Eric Donfu, sociologue, est president de DRS Dialogues et Relations Sociales, un atelier d’etude sur les transformations de la societe contemporaine. Il est notamment l’auteur de Oh ! mamie boom (Jacob-Duvernet, 2007) et de La lecon de Condorcet (ecrit avec Joffre Dumazedier, L’harmattan, 1994).

  • Les courts extraits de livres : 04/05/2008

Extrait de l’introduction :

1968, la revolution des femmes

Ce qui est plus inconnu que le soldat inconnu, c’est la femme du soldat inconnu…
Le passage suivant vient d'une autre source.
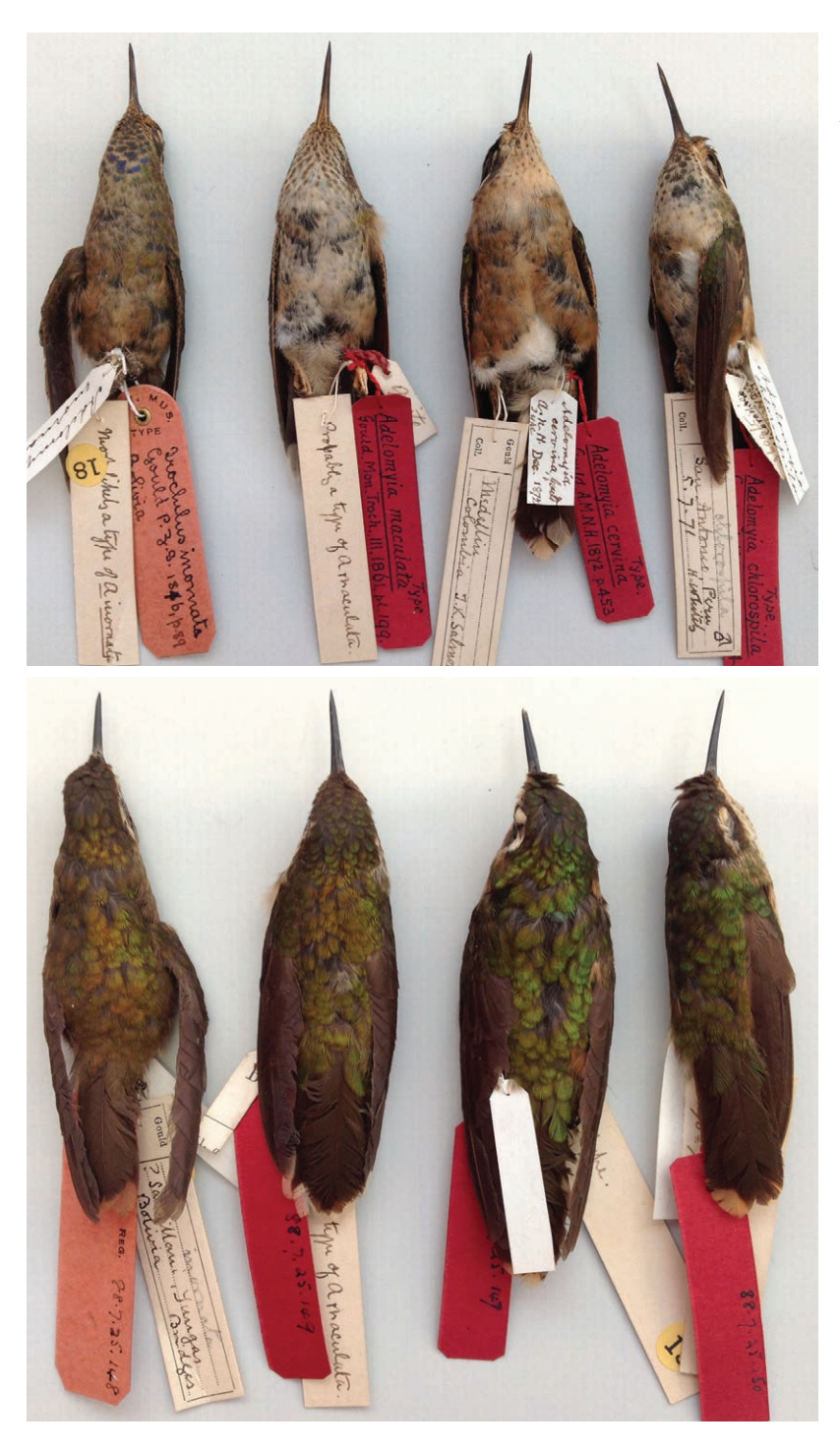
Figure 11. Other type specimens of names in genus Adelomyia, left to right: (i) inornata; (ii) maculata; (iii) cervina; and (iv) chlorospila, all at Natural History Museum, Tring (T. M. Donegan)

Trochilus rosae Bourcier & Mulsant, 1846 ( =Chaetocercus jourdanii rosae ) and Trochilus franciae Bourcier & Mulsant, 1846 ( =Amazilia franciae ). Most are written in a calligraphic style that was relatively widespread in the mid 1800s. The original labels of AMNH types are more ornate and written in three different colours for each of the species name, the word 'type'

Banderole de militantes feministes deposant une gerbe a l’Arc de Triomphe a Paris, le 26 aout 1970, en creant le MLF

A l’occasion du quarantieme anniversaire de Mai 68, il etait injuste de ne celebrer que les hommes alors que ce sont avant tout les femmes qui ont change la societe. Car c’est bien le statut des femmes qui se trouve au coeur de la transformation des moeurs portee par Mai 68.
Il fallait que ce soit un homme qui pose la question : est-ce que 68 n’a pas ete d’abord la revolution des femmes ? Est-ce que ce ne sont pas elles qui se trouvent a l’origine du mouvement, plutot que les hommes ? Cette revolte a touche de plein fouet l’autorite masculine. Cette revolution, conduite par ces femmes-la, ces filles de mai, a entraine la mutation profonde de la societe. Aujourd’hui, quarante ans apres, leur role apparait enfin clairement.
Nous vivons aujourd’hui dans une societe de liberte sexuelle qui prone l’egalite et la parite entre les hommes et les femmes. Mais replongeons-nous avant 1968, comme dans le film Diabolo Menthe de Diane Kuris. Au-dela de toute nostalgie et de tout romantisme, la condition des jeunes femmes y est desastreuse. La contraception est interdite et l’avortement clandestin un fleau. Les discriminations dans l’acces aux etudes, a l’emploi, aux responsabilites sociales et politiques, frappent les femmes, dont les salaires moyens sont inferieurs d’un tiers a ceux des hommes. Conformisme, morale, images sexistes et assignation au role maternel s’opposent a leur liberte sexuelle. Depuis des millenaires, le sexe et l’esprit demeurent le domaine reserve des hommes. Et si les femmes sont toujours omnipresentes dans les representations litteraires, c’est souvent pour perpetuer d’anciennes moeurs. La parole des femmes est le plus souvent disqualifiee. C’est donc dans cette societe vissee sur sa misogynie que l’idee selon laquelle la liberation des femmes ne pouvait etre que l’oeuvre des femmes elles-memes s’est imposee et revelee pleinement dans les evenements de Mai 1968.
Un groupe, le FMA (feminin, masculin, avenir) est constitue. Avec quelques affiches, il remplit meme un amphitheatre de la Sorbonne en Mai 68. Les femmes sont en premiere ligne, mais, tres vite, ce sont les hommes presents dans l’amphi qui prennent en main les debats.
Cette affiche de Mai 1968 peut donc etre consideree comme un des actes de naissance de ce combat des femmes, s’engouffrant dans le mouvement de 68 :
Etudiant qui remets tout en question, Les rapports de l’eleve au maitre, As-tu pense a remettre en question Les rapports de l’homme a la femme ?
Etudiante qui participes a la revolution, Ne sois pas dupee une fois de plus, Ne suis pas seulement les autres, Definis tes propres revendications !
Le FMA devait se radicaliser et changer de nom pour s’appeler feminisme, marxisme, action. Hommes et femmes, egalement victimes de la misere sexuelle, doivent lutter ensemble, pense-t-on alors. Mais dans les faits, ce sont les femmes, les plus opprimees, qui devaient apporter puissance et dynamisme a cette lutte.